Late last year the United States Department of Energy kicked off the awards phase of their CORAL supercomputer upgrade project, which would see three of the DoE’s biggest national laboratories receive new supercomputers for their ongoing research work. The first two supercomputers, Summit and Sierra, were awarded to the IBM/NVIDIA duo for Oak Ridge National Laboratory and Lawrence Livermore National Laboratory respectively. Following up on that, the final part of the CORAL program is being awarded today, with Intel and Cray receiving orders to build 2 new supercomputers for Argonne National Laboratory.

The flagship of these two computers is Aurora, a next-generation Cray “Shasta” supercomputer that is scheduled for delivery in 2018. Designed to deliver 180 PetaFLOPS of peak compute performance, Aurora will be heavily leveraging Intel’s suite of HPC technologies. Primarily powered by a future version of Intel’s Xeon Phi accelerators – likely the 10nm-fabbed Knights Hill – Aurora will be combining the Xeon Phi with Intel’s Xeon CPUs (Update: Intel has clarified that the Xeons are for management purposes only), an unnamed Intel developed non-volatile memory solution, and Intel’s high-speed and silicon photonics-driven Omni-Path interconnect technology. Going forward, Intel is calling this future setup their HPC scalable system framework.

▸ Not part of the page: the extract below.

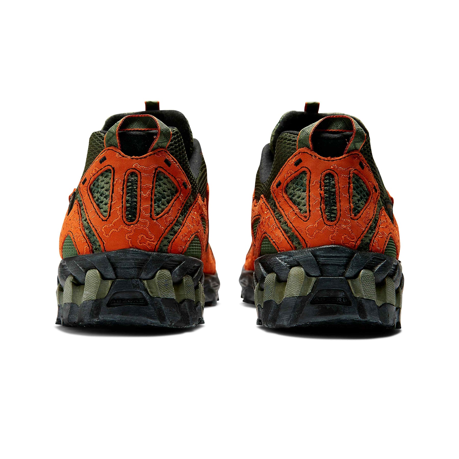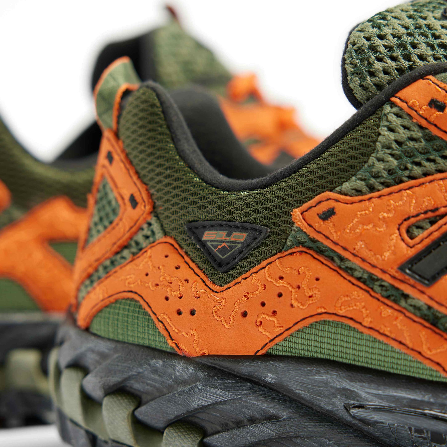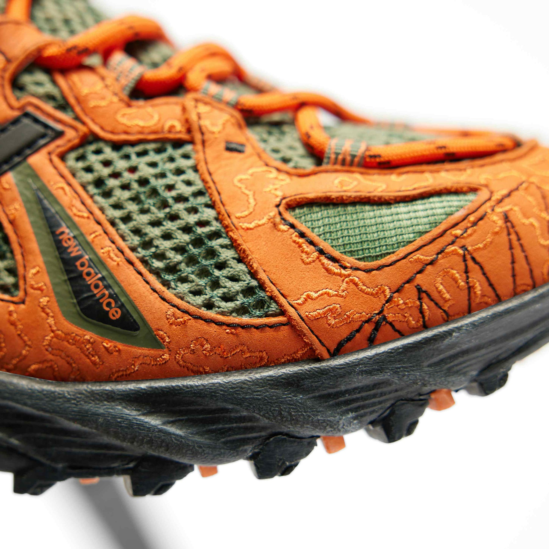 The JFG x NB 610 “Beneath the Surface – Lil’ Swamps” transforms the trail-inspired silhouette into a bold expression of Joe Freshgoods’ creative vision. Featuring a camouflage-pattern mesh upper in varied green tones, the design is accented with textured orange suede overlays arranged in irregular, organic shapes. A thin black “N” logo and distressed black midsole complete the rugged aesthetic, while pull tabs and trail-style construction ensure utility and comfort. A vibrant mix of art, performance, and storytelling from one of NB’s most distinctive collaborations.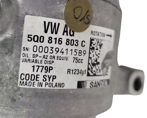 Компресор кондиціонера оригінал 5Q0816803C Audi A1 VW Polo V Tiguan II Golf VII Passat B 7 Seat Ibiza IV справний.Без експлуатації в Україні.Гарантія 7 днів по отриманню на встановлення/тестування

At 180 PFLOPS of performance, Aurora will be in the running for what will be the world’s fastest supercomputer. Whether it actually takes the crown will depend on where exactly ORNL’s Summit supercomputer ends up – it’s spec’d for between 150 PFLOPS and 300 PFLOPS – with Aurora exceeding the minimum bounds of that estimate. All told this makes Aurora 18 times faster than its predecessor, the 10 PFLOPS Mira supercomputer. Meanwhile Aurora’s peak power consumption of 13MW is also 2.7 times Mira’s, which works out to an overall increase in energy efficiency of 6.67x.

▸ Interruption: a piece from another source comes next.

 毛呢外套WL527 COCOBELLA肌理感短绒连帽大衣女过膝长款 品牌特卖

US Department of Energy CORAL Supercomputers
  Aurora Theta Summit Sierra
CPU Architecture Intel Xeon
(Management Only)
Intel Xeon
(Management Only)
IBM POWER9 IBM POWER9
Accelerator Architecture Intel Xeon Phi (Knights Hill?) Intel Xeon Phi (Knights Landing) NVIDIA Volta NVIDIA Volta
Performance (RPEAK) 180 PFLOPS 8.5 PFLOPS 150 - 300 PFLOPS 100+ PFLOPS
Power Consumption 13MW 1.7MW ~10MW N/A
Nodes N/A N/A 3,400 N/A
Laboratory Argonne Argonne Oak Ridge Lawrence Livermore
Vendor Intel + Cray Intel + Cray IBM IBM

The second of the supercomputers is Theta, which is a much smaller scale system intended for early production system for Argonne, and is scheduled for delivery in 2016. Theta is essentially a one-generation sooner supercomputer for further development, based around a Cray XC design and integrating Intel Xeon processors along with Knights Landing Xeon Phi processors. Theta in turn will be much smaller than Aurora, and is scheduled to deliver a peak performance of 8.5 PFLOPS while consuming 1.7MW of power.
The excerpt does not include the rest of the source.